What is needed is a word-for-word copy of the lines below from the one with "为确保服务质量,校团委联合相" through the one with "Erzurum’da 25-28 Mart", both included, with every picture left out.

Stored data

......

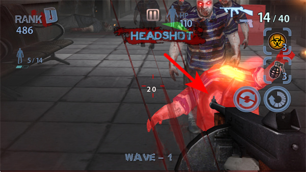 3、跟随红色箭头提示,瞄准丧尸头部触发HEADSHOT爆头,提升伤害效率,削减数量降低自身受伤风险。
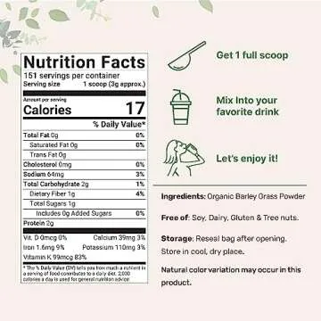 Organic Barley Grass Powder, 16 Ounces | US Grown | Rich in Vitamins, Minerals, Fibers, & Antioxidants | Superfood Greens Mix for Immune Health and Digestion Support | Non-GMO
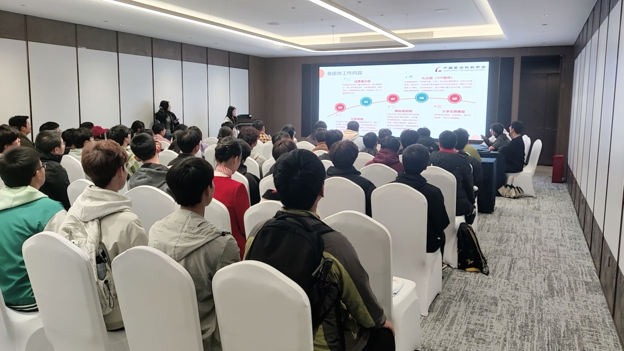 为确保服务质量,校团委联合相关二级学院,并与中国复合材料协会精心组织了系统化的岗前培训。10月23日,成航志愿者服务总队指导教师刘忻宜对志愿者们进行了全面动员,明确了各岗位职责、服务流程与工作要点。培训一结束,全体志愿者便立刻投身于紧张的准备工作,高效协作,在短时间内完成了1200余份会议物资的分装任务,为峰会的顺利开幕奠定了坚实基础。
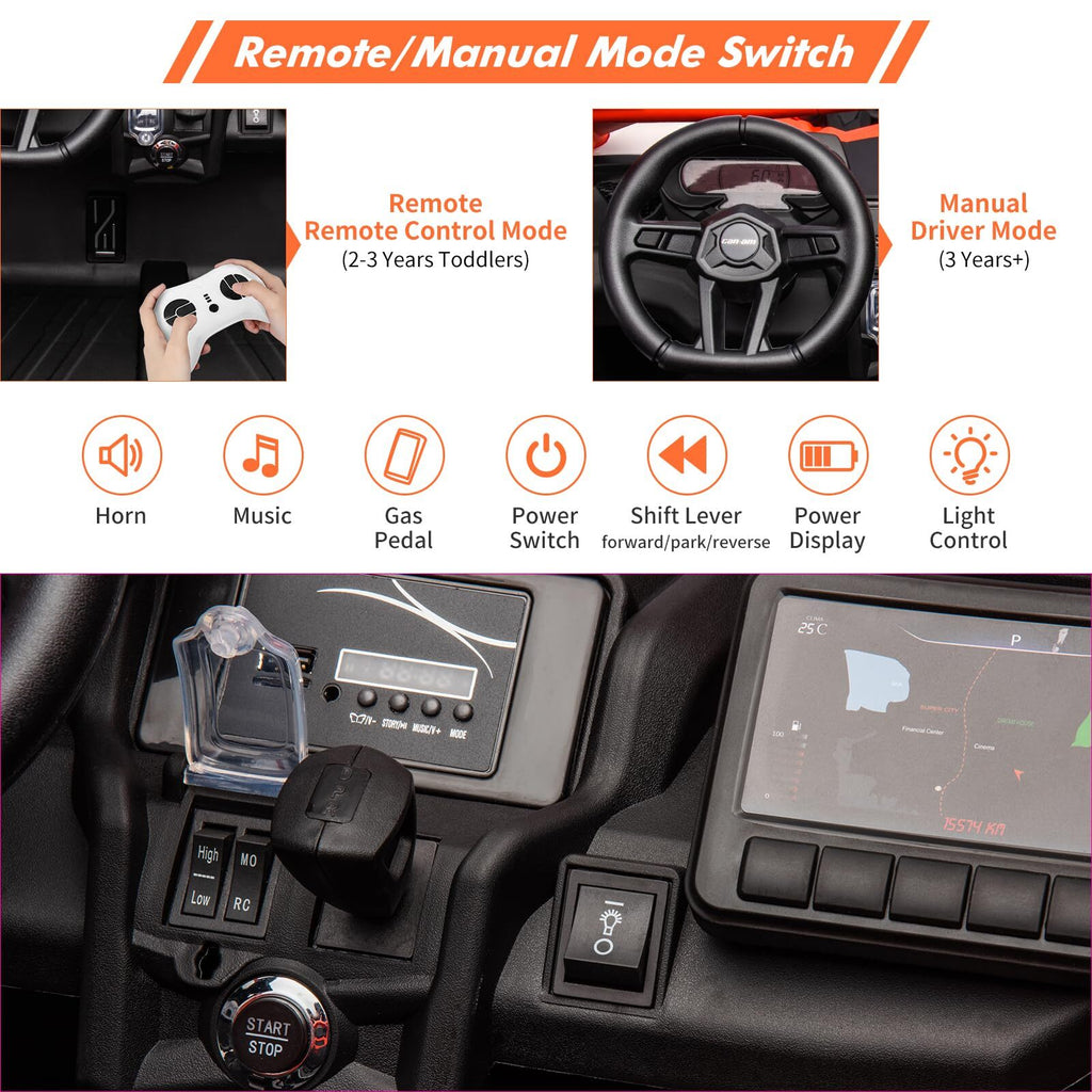 From the moment your child climbs into the spacious 23-inch large seat, designed to comfortably fit two young riders, they’ll feel like real drivers hitting the dirt trails or cruising the neighborhood. Whether your child takes the wheel or you guide the fun with the included remote control, this ride-on UTV is built to deliver hours of exciting, safe entertainment.
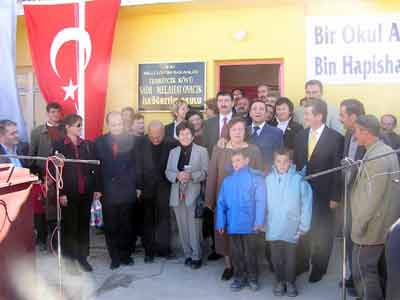Erzurum’da 25-28 Mart tarihlerinde yaşanan depremlerde okul binası yıkılan Tebrizcik Köyü’nde, iş adamı Celal Ergunlu ve eşi Handan Ergunlu’nun Mühürdar Lions Kulübü’nün destekleriyle yaptırdığı okul, törenle bugün hizmete açıldı. Köydeki öğrencileri tek tek giydiren Handan Engunlu, kendisinin Erzurumlu olmadığını ve İstanbul’da Erzurumlular sitesinde ikamet ettiğini belirterek, "Eşimle birlikte önce Van’da bir okul yaptırmayı planlıyorduk. Erzurum’da yaşanan deprem sonrası böyle bir teklif geldi. Biz de memnuniyetle kabul ettik. Okula anne ve babamız Saim ve Melahat Ovacık’ın adını vererek, onların isimlerini yaşatmak istedik" diye konuştu.
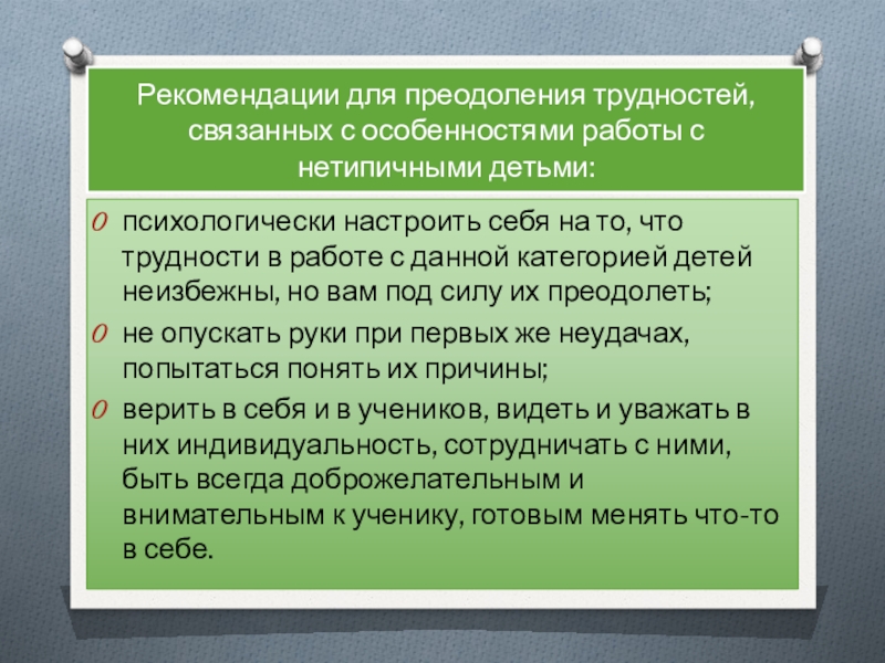 психологически настроить себя на то, что трудности в работе с данной категорией детей неизбежны, но вам под силу их преодолеть;
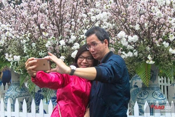 Chị Nguyễn Thị Hải Âu (36 tuổi) và con gái lặn lội từ Thái Nguyên xuống Thủ đô từ đêm hôm trước, sáng sớm hai mẹ con đã có mặt để chụp ảnh. Chị Hải Âu cho biết: “Hoa rất tươi, rực rỡ, mình rất ưng ý. Những lễ hội trước đây như lễ hội anh đào Hoàng thành hay lễ hội hoa hồng mình cũng tham dự nhưng rất thất vọng vì toàn hoa giả. Chỉ có điều, giá như thời tiết hôm nay tốt hơn…”
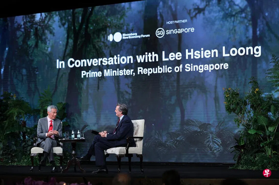 李显龙总理昨晚在彭博创新经济论坛(Bloomberg New Economy Forum)的晚宴上,接受彭博社总编辑米思伟(John Micklethwait)访问。
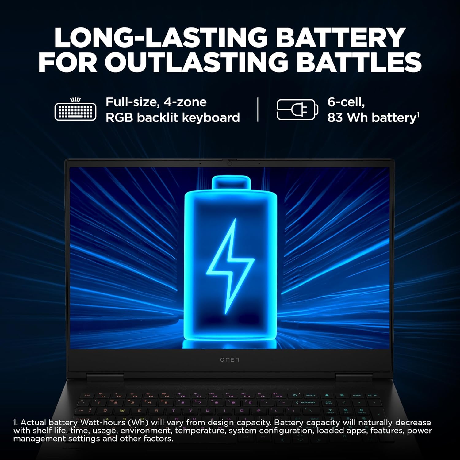 The HP OMEN Gaming Laptop (wf1150TX) delivers a premium gaming experience with cutting-edge hardware and refined design. Powered by the 14th Gen Intel Core i7-14650HX processor and an 8GB NVIDIA GeForce RTX 4060 GPU, it handles AAA games, streaming, and multitasking effortlessly. Its 16.1-inch Full HD IPS display with a 144Hz refresh rate ensures ultra-smooth visuals, while 16GB DDR5 RAM and a massive 1TB SSD provide fast performance and abundant storage.

......

- [Result of this task]
 为确保服务质量,校团委联合相关二级学院,并与中国复合材料协会精心组织了系统化的岗前培训。10月23日,成航志愿者服务总队指导教师刘忻宜对志愿者们进行了全面动员,明确了各岗位职责、服务流程与工作要点。培训一结束,全体志愿者便立刻投身于紧张的准备工作,高效协作,在短时间内完成了1200余份会议物资的分装任务,为峰会的顺利开幕奠定了坚实基础。
 From the moment your child climbs into the spacious 23-inch large seat, designed to comfortably fit two young riders, they’ll feel like real drivers hitting the dirt trails or cruising the neighborhood. Whether your child takes the wheel or you guide the fun with the included remote control, this ride-on UTV is built to deliver hours of exciting, safe entertainment.
Erzurum’da 25-28 Mart tarihlerinde yaşanan depremlerde okul binası yıkılan Tebrizcik Köyü’nde, iş adamı Celal Ergunlu ve eşi Handan Ergunlu’nun Mühürdar Lions Kulübü’nün destekleriyle yaptırdığı okul, törenle bugün hizmete açıldı. Köydeki öğrencileri tek tek giydiren Handan Engunlu, kendisinin Erzurumlu olmadığını ve İstanbul’da Erzurumlular sitesinde ikamet ettiğini belirterek, "Eşimle birlikte önce Van’da bir okul yaptırmayı planlıyorduk. Erzurum’da yaşanan deprem sonrası böyle bir teklif geldi. Biz de memnuniyetle kabul ettik. Okula anne ve babamız Saim ve Melahat Ovacık’ın adını vererek, onların isimlerini yaşatmak istedik" diye konuştu.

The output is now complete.